▶ Directions: From the listing below, output only the lines starting at the line that has "Dans une opposition" and ending at the line that has "Каркас стільця виконаний", exactly as they appear, ends included.

▶ Data under study:
——————————
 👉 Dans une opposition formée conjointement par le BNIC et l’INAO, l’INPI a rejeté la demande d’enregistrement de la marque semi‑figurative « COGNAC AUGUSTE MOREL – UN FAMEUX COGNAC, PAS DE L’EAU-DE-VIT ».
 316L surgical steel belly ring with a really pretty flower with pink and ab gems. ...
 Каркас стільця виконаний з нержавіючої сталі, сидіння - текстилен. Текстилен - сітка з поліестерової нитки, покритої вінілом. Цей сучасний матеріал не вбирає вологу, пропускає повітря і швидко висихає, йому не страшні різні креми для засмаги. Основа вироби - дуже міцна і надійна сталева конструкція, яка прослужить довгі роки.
——————————
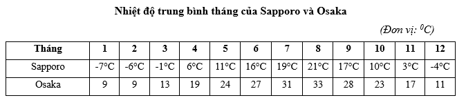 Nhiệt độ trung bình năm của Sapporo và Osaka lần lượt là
——————————
▶ Your solution:
 👉 Dans une opposition formée conjointement par le BNIC et l’INAO, l’INPI a rejeté la demande d’enregistrement de la marque semi‑figurative « COGNAC AUGUSTE MOREL – UN FAMEUX COGNAC, PAS DE L’EAU-DE-VIT ».
 316L surgical steel belly ring with a really pretty flower with pink and ab gems. ...
 Каркас стільця виконаний з нержавіючої сталі, сидіння - текстилен. Текстилен - сітка з поліестерової нитки, покритої вінілом. Цей сучасний матеріал не вбирає вологу, пропускає повітря і швидко висихає, йому не страшні різні креми для засмаги. Основа вироби - дуже міцна і надійна сталева конструкція, яка прослужить довгі роки.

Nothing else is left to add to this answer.